Have I mentioned that I am a huge fan of Sarah Palin? ;) She might very well be added to my list of Heroes which isn't too lengthy might i add.

Okay, enough of the thoughts going on in my mind. I'll spare you the time because I know that you have something much more important that needs tending to. =)

Much Love,
Amber

Sunday, September 7, 2008

A closer look...

I was reading my Bible and came across this passage of scripture- seemed to fit the moment for some reason. I have no idea why really. I guess I'm really trying to be more careful with my words and I'm working on being more thankful and appreciative as opposed to unthankful and judgemental. I'm praying that God really does transplant my heart with His and exchange my love for His love. He really is quite amazing- whether you believe in Him or not. Showing true love and walking in purity and humility is my goal- I am no where near perfect however I strive no less. Read on if you please...

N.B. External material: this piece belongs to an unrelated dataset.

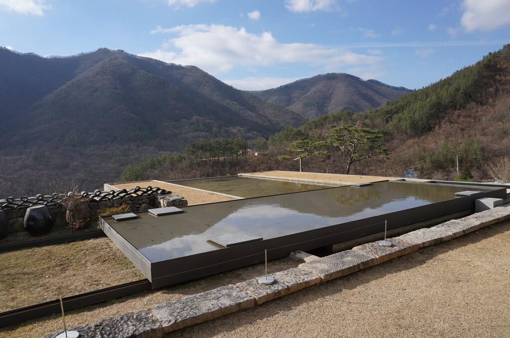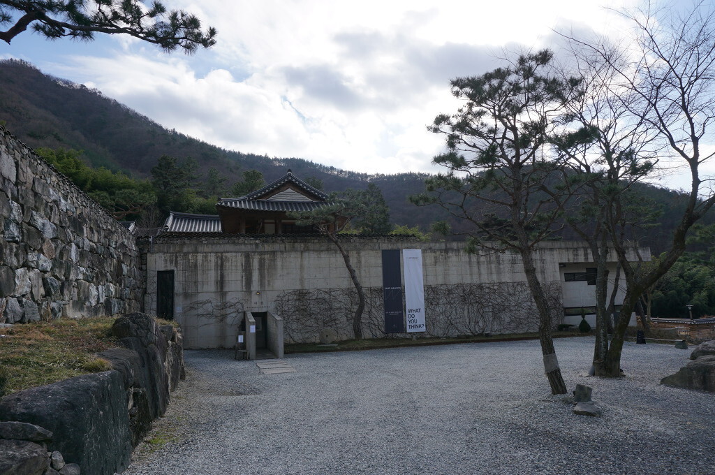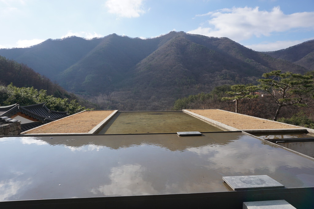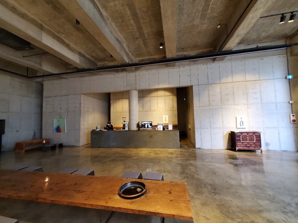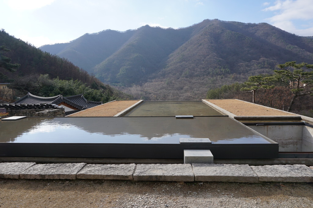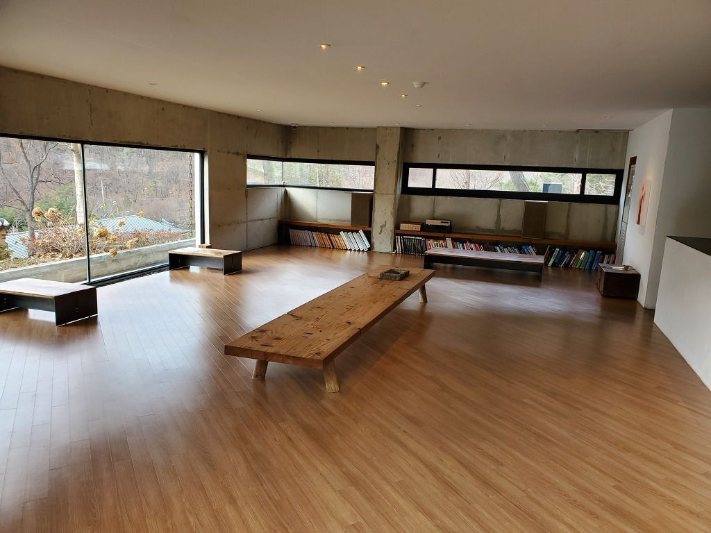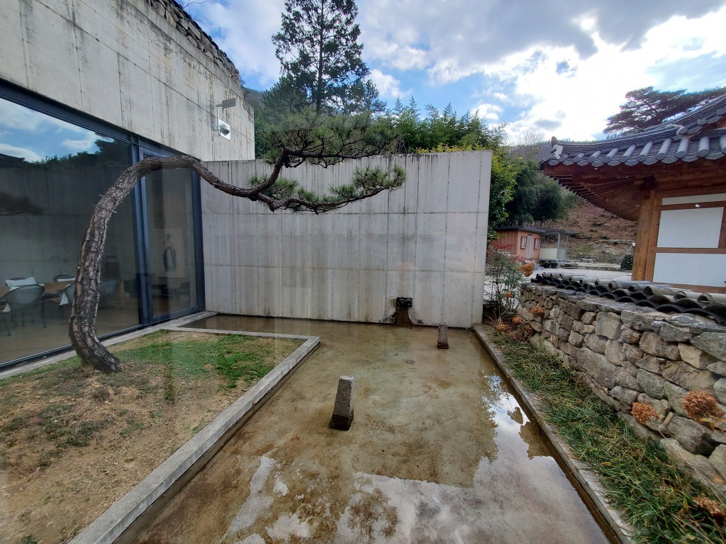 이어주는 공간으로 나무를 주재료로 지어진 한옥과는 달리 현대적인 소재인 누드 콘크리트로 지어진 미니멀한 건물이다.

"Do not let any unwholesome talk come out of your mouths, but only what is helpful for building others up according to their needs, that it may benefit those who listen. And do not grieve the Holy Spirit of God, with whom you were sealed for the day of redemption. Get rid of all bitterness, rage and anger, brawling and slander, along with every form of malice. Be kind and compassionate to one another, forgiving each other, just as in Christ God forgave you.

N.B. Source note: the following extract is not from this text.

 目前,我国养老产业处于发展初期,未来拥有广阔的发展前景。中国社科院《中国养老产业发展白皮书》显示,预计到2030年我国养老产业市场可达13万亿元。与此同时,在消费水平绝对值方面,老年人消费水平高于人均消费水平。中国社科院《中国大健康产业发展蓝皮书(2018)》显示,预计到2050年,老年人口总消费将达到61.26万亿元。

Be imitators of God, therefore, as dearly loved children and live a life of love, just as Christ loved us and gave himself up for us as a fragrant offering and sacrifice to God. But among you there must not be even a hint of sexual immorality, or of any kind of impurity, or of greed, because these are improper for God's holy people. Nor should there be obscenity, foolish talk or coarse joking, which are out of place, but rather thanksgiving."-Ephesians 4:29-5:4

My prayer each day is that God would allow me to observe my inner most parts and be able to see that which needs tending to. Whether it be my attitude, spirit or mind. I am fully aware that it is so easy to allow myself to slip into anger, bitterness, sulking and corrupted thoughts. I must rely on Him and renew and purify myself daily in order to walk in accordance with His word. I need this- I want this. I do not desire to become complacent and compromising- I wish to be grounded and strong with my convictions. I am human but I serve a powerful God who has the ability to change even the worst of the worst. May I be more open to hearing Him, may my heart remain pure in my pursuit of Him.